Brodie honed the edge on her voice. ‘You're in my way, Mr Loomis.'
Joe Loomis smiled again, and nodded, and didn't move. Brodie suddenly realised he wasn't alone. A young man in jeans and an older one in a suit were waiting by a big silver car, looking at nothing with the studied blankness of professional minders.
‘It's time Jack Deacon had a family,' said Loomis judiciously. ‘A man gets to a certain age, he shouldn't be
putting all his efforts into his work any more.'
And that was what this was about.
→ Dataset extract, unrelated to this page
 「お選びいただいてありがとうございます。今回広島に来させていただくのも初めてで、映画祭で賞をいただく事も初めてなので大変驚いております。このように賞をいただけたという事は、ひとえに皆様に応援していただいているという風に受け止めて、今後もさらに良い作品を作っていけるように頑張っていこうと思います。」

Brodie knew as surely as if he'd slapped his agenda on the bonnet in front of her. He knew about her and Deacon, he knew that Deacon was the father of her child, and he wanted her to know. And he wanted her to tell Deacon that he knew.
You couldn't object to anything he'd said. Nothing he'd said or done could be described as a threat. But Brodie knew she was meant to feel threatened. No one in her right mind wanted Joe Loomis taking an interest in her family.
She breathed heavily. ‘If there's something you want me to tell Jack, spit it out.'
But he raised his hands in denial. ‘Nothing. Just that I said hello. You can tell him I like his baby, if you like …'
With Jack Deacon for a father and Brodie Farrell for a mother, this particular baby was always going to have a sense of dramatic timing. As Loomis leant over the buggy to smile at him, Jonathan opened his mouth and yawned. And then he opened his eyes.